Лиззи страшило, что, если она вернется ко мне, любовь обернется для нее рабством. Она боялась этой мучительной зависимости одной человеческой психики от другой. Жалею ли я, что этот страх отпустил ее? Да, тот злобный деспот, что сидит во мне, об этом жалеет. Как это она сумела? Может быть, ей тоже пришлось заново проиграть свое чувство, заново все перестрадать, чтобы преобразить его. Только выходит, что ей это удалось, а мне нет; она преобразила свою любовь, а я свою попросту умертвил. Может быть, я оказался тем испытанием, которому суждено было очистить ее любовь от всего наносного? Нет, это уж какое-то слишком возвышенное соображение! Может быть, от ужасов этого лета просто оборвалась какая-то нить, Лиззи устала. Все мы друг для друга потенциальные демоны, но изредка близкие отношения бывают избавлены от этой участи. Кажется, мои отношения с Лиззи избежали ее, по какому-то милосердному соизволению, без всякой заслуги с моей стороны, помимо моей воли. Наверно, мы оба устали и рады отдохнуть вдвоем.

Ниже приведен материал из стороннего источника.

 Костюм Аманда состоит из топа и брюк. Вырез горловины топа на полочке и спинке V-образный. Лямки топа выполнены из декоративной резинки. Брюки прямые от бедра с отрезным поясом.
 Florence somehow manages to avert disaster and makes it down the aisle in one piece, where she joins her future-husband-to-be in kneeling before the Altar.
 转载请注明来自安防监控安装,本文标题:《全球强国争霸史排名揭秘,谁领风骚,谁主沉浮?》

Мы касаемся и целуем друг друга, большего нам не надо. Как я уже говорил в самом начале, я в отличие от современного героя не наделен особой сексуальностью. Я могу без этого обходиться, и обхожусь, и прекрасно себя чувствую. Оглядываясь на свою жизнь, я должен сознаться в чем-то, что, несомненно, посрамило бы современного героя. У меня было не так уж много любовниц, и не все женщины, которых я домогался с успехом, удовлетворяли меня в постели. Конечно, были и исключения: Клемент, которая меня всему научила. Жанна. А как оно было бы с Хартли?
Мы с Лиззи никогда не говорим о Джеймсе, и сейчас это как будто уже и не важно. Словно самый факт их знакомства у обоих нас изгладился из памяти. А между тем в каком-то, может быть, и безобидном смысле Джеймс оторвал меня от Лиззи, выхолостил наши отношения. Может быть, это как раз и есть то милосердное соизволение, основа нашего душевного покоя? Демоны, посланные возмущать нашу дружбу, убиты все до единого. Я о них не горюю. Порой, когда мы с Лиззи молча обмениваемся улыбками, мне сдается, что и она, возможно, думает о том же.

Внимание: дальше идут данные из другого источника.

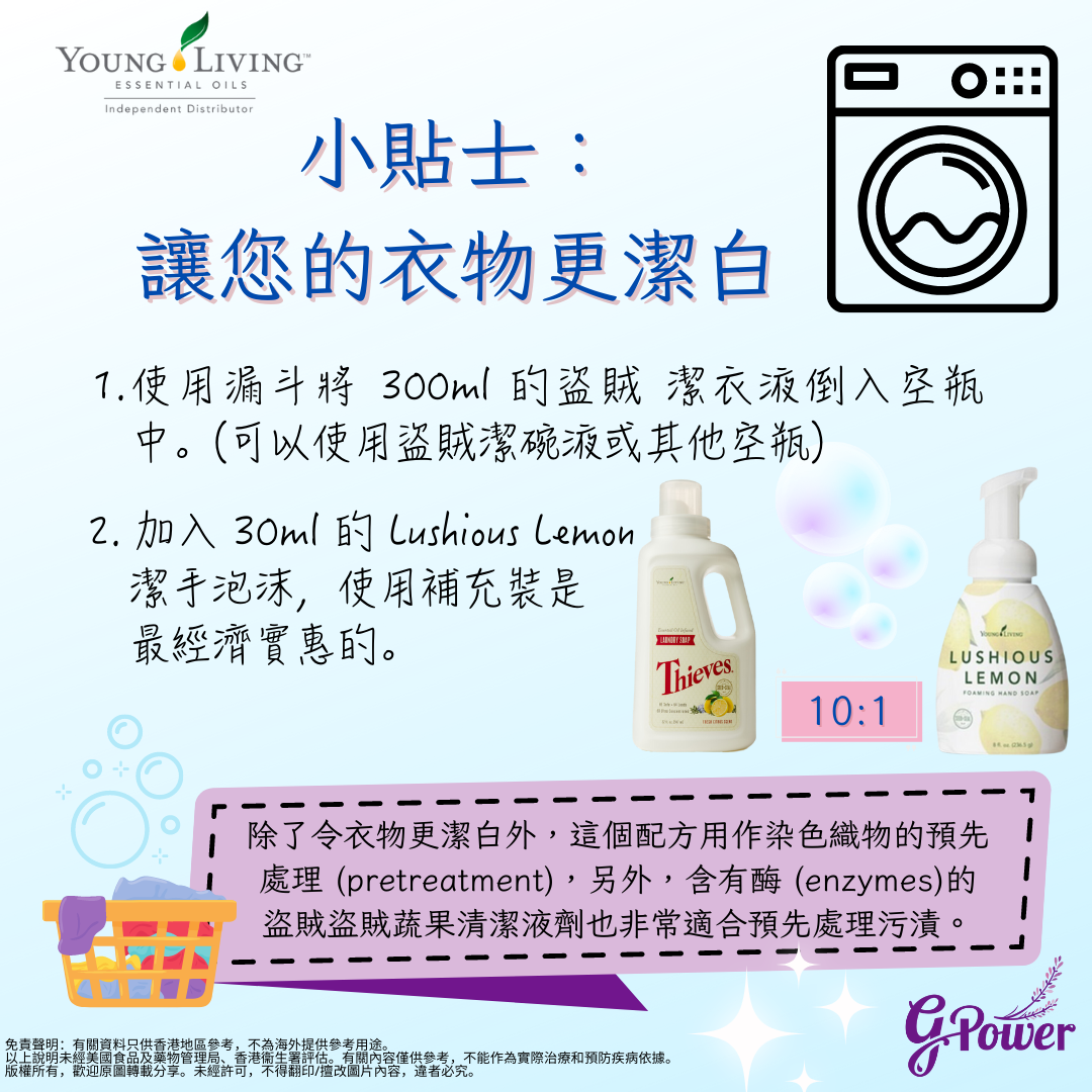 想獲得更潔白的白色,可以將盜賊潔衣液與 Lushious Lemon 潔手泡沫(Lushious Lemon Foaming hand soap)混合。

Опять была эта боль в груди, которую я впервые почувствовал в Шрафф-Энде, когда пытался принять ванну на кухне. Побывал у своего доктора, но он все свалил на какие-то «вирусы».
Иногда сижу и думаю, кому мне оставить свои деньги. Пожалуй, пора понемножку от них избавляться. Я уже послал чек Буддийскому обществу и еще один — в фонд защиты мира имени Арбелоу, а в ближайшее время намерен сразить своей щедростью Эразма Блика по случаю его женитьбы. Его «Гамлет» все еще не сходит со сцены, я все еще его не смотрел. Восточное добро я скорее всего целиком отдам в Британский музей, книги они могут забрать хоть сейчас. А стихи Джеймса завещаю Тоби Элсмиру. Почему я так спешу всем распорядиться? Или мне кажется, что я скоро умру? Нет, конечно, но все-таки это купание в Минновом Котле, как видно, не прошло для меня даром, причинило мне какой-то вред, не физический, а вроде как душевный. Я совершенно здоров, я не чувствую признаков старости, но замечаю, что люди начинают ко мне относиться как к «пожилому человеку», а в этом, несомненно, отражается то, каким я сам себя ощущаю. Мне преподносят подарки — растения в горшках, куриные консервы, справляются о моем самочувствии. Так какое же у меня самочувствие? Розмэри подарила мне полдюжины фаянсовых мисочек для супа.